“As sure as I can be, sir.”

“Bring Frost in. We need to deal with this as cleanly and simply as possible. She is not ending up on some bastard’s propaganda movie, Mister Lethe. Believe me, hell will freeze over before I allow that to happen.”

“Yes, sir. Do I recall Koni and Noah?”

“The world doesn’t stop because Orla’s in trouble, Mister Lethe.” The old man sounded cold. Detached. Fire and ice. Just a second before passion had been driving his tongue. All it took was a second for the tactician to take control. Jude was immediately reminded of the half-played-out game of chess on the board beside the great fireplace. The Saavedra position. It was the old man’s favorite endgame for a reason. “And Mister Lethe, whatever happens, under no circumstances are you to inform Larkin about any of this. Do I make myself clear?”

“Crystal, sir.”

“The fact of the matter is that Larkin is too unpredictable as far as she is concerned. I can’t be worrying about him going off message,” which was the old man’s way of saying Noah was in fact far too predictable in this case. He’d wage a one-man war to bring Orla home. He wouldn’t care about casualties or collateral damage-he would bring Orla home, and God help anyone who tried to stop him. It was precisely the kind of thing that made Noah so vital to the team; but sometimes one’s greatest strength can become their greatest weakness. The old man wouldn’t be able to control him.
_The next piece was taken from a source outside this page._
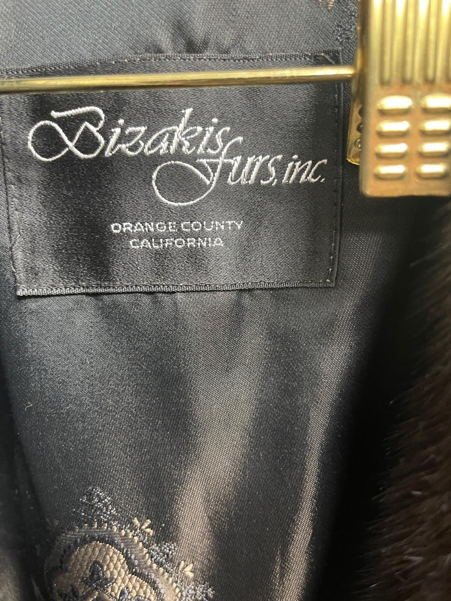 Made by Bizakis Furs, Inc Orange County California.. Old and stored inside its lown bag in closet for at least 20 years, but in very good condition. Our mannequin is a size 8, so we are guessing a size 10/12.

In one breath Lethe had heard the best of the old man, and the worst.

“Understood.”

“Good man. After you’ve contacted Frost I want you to run a few queries for me. Specifically, I’m after information concerning Humanity Capital. I want a list of territories where they have insured fighters, and if there is a paper trail, I want to know all of the places where they have supplied mercenary fighters.”
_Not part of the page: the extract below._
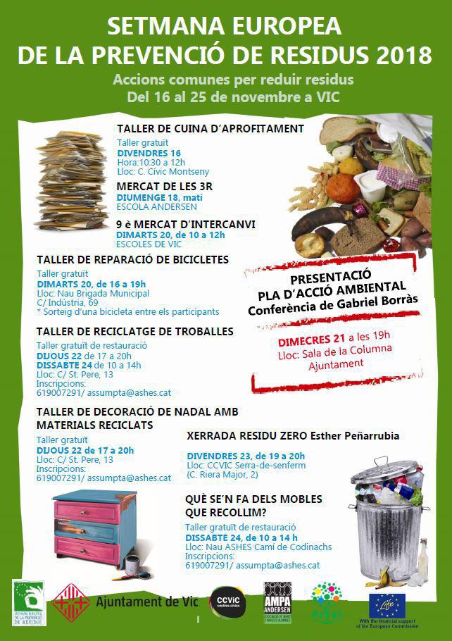 Del 16 al 25 de novembre, la ciutat de Vic se suma als actes de la Setmana Europea de la Prevenció de Residus, que se celebrarà paral·lelament arreu d’Europa. Els objectius d’aquesta iniciativa són diversos, entre ells donar a conèixer estratègies de reducció de residus, fomentar accions sostenibles per reduir els residus i fer canviar els hàbits quotidians de consum i producció dels ciutadans.

“There’s always a paper trail,” Lethe said. “If they sent a private army out there, you’ll know before lunchtime.”

“Good. When you’ve done that, I want you to cross-reference these against any contracts won by companies Miles Devere has a stake in. I want to know exactly how much Little Man Devere has made out of the suffering of others.”

The old man hung up on him.

21

The Words of the Prophets Written On Subway Walls

Noah Larkin had spent the night alive and well and living in hell.

Each one of his personal demons were within arm’s reach. There was a bottle of thirty-year-old McCallan scotch whiskey on the nightstand, a plastic cup beside it. The bottle’s top lay on the nightstand beside the bottle. The cheap hotel room beside the Rome Stazione Termini reeked of alcohol. He had drunk a third of the bottle but felt like he had downed the lot. He sat on the windowsill, watching the girls out in the street. It would have been easy to call down, and one of them would come up to help him take his mind off things. Sometimes that was all he wanted.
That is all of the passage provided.